**DIRECTIONS**
Your task is to transcribe the records exactly, skipping every image.

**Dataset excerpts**

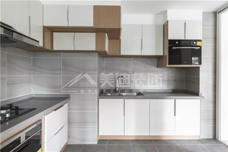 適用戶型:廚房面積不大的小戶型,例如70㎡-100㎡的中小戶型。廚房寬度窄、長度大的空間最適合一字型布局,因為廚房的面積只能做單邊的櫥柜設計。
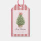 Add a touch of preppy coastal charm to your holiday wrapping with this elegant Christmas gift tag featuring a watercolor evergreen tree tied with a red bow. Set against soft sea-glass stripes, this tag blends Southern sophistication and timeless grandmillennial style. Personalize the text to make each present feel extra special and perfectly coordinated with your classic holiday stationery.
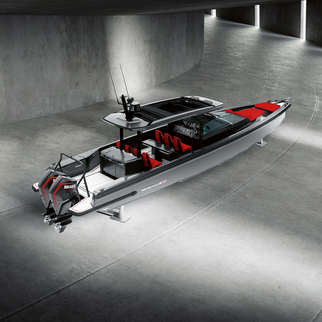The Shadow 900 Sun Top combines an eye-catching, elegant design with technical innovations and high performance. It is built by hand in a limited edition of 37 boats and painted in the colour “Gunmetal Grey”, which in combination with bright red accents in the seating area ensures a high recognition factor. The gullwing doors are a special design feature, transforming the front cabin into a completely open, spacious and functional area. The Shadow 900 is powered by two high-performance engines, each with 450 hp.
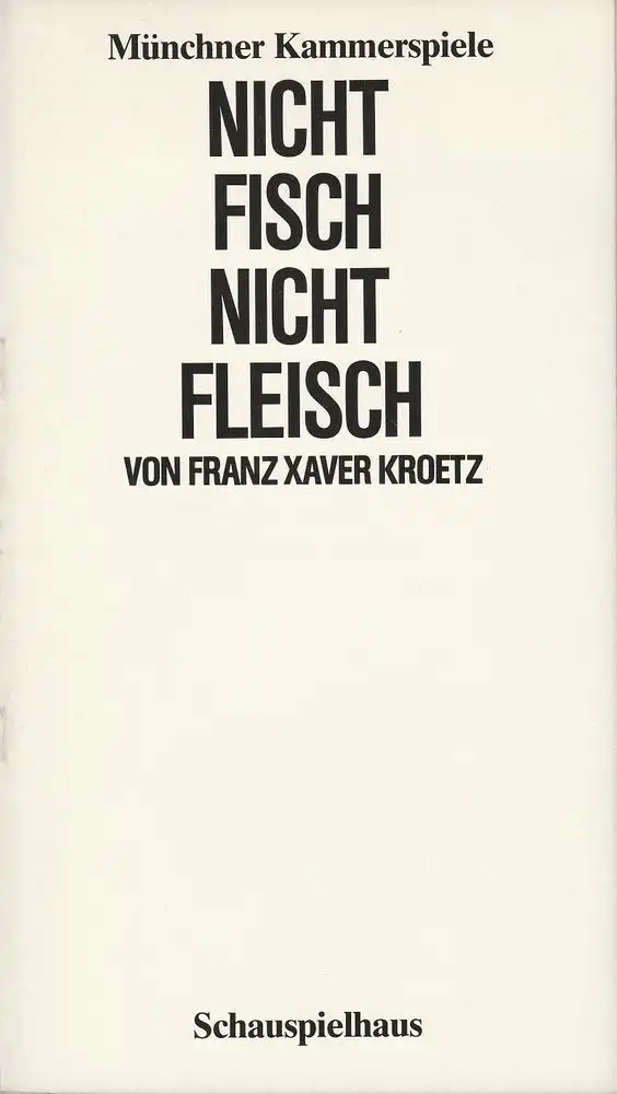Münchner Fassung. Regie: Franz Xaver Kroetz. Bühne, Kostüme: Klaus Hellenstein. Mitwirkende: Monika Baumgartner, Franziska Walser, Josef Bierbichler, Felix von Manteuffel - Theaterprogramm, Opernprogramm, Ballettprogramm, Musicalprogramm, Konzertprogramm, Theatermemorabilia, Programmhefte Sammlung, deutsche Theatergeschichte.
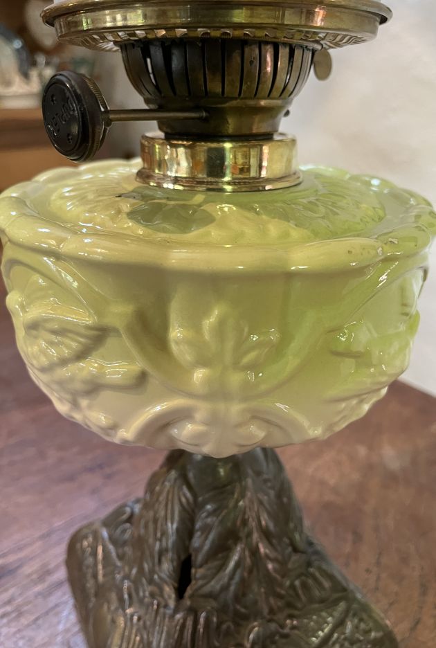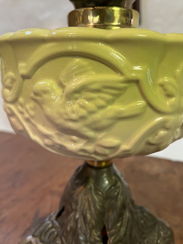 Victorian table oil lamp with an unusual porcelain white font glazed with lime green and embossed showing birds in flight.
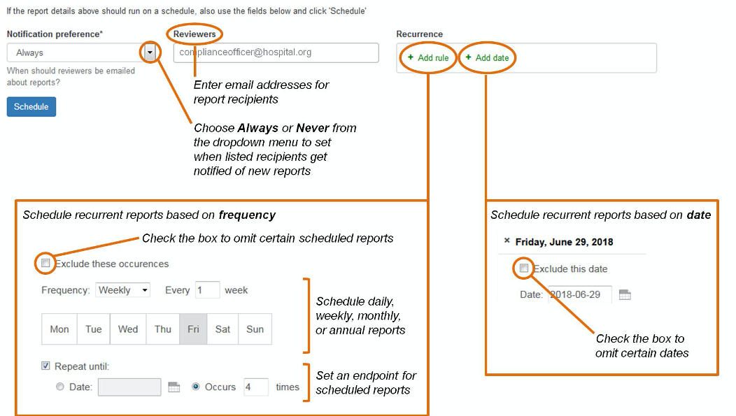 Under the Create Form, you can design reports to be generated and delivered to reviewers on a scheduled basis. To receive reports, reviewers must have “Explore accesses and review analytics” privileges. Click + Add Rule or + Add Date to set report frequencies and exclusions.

**ANSWER TO THIS TASK**
 適用戶型:廚房面積不大的小戶型,例如70㎡-100㎡的中小戶型。廚房寬度窄、長度大的空間最適合一字型布局,因為廚房的面積只能做單邊的櫥柜設計。
 Add a touch of preppy coastal charm to your holiday wrapping with this elegant Christmas gift tag featuring a watercolor evergreen tree tied with a red bow. Set against soft sea-glass stripes, this tag blends Southern sophistication and timeless grandmillennial style. Personalize the text to make each present feel extra special and perfectly coordinated with your classic holiday stationery.
The Shadow 900 Sun Top combines an eye-catching, elegant design with technical innovations and high performance. It is built by hand in a limited edition of 37 boats and painted in the colour “Gunmetal Grey”, which in combination with bright red accents in the seating area ensures a high recognition factor. The gullwing doors are a special design feature, transforming the front cabin into a completely open, spacious and functional area. The Shadow 900 is powered by two high-performance engines, each with 450 hp.
Münchner Fassung. Regie: Franz Xaver Kroetz. Bühne, Kostüme: Klaus Hellenstein. Mitwirkende: Monika Baumgartner, Franziska Walser, Josef Bierbichler, Felix von Manteuffel - Theaterprogramm, Opernprogramm, Ballettprogramm, Musicalprogramm, Konzertprogramm, Theatermemorabilia, Programmhefte Sammlung, deutsche Theatergeschichte.
 Victorian table oil lamp with an unusual porcelain white font glazed with lime green and embossed showing birds in flight.
 Under the Create Form, you can design reports to be generated and delivered to reviewers on a scheduled basis. To receive reports, reviewers must have “Explore accesses and review analytics” privileges. Click + Add Rule or + Add Date to set report frequencies and exclusions.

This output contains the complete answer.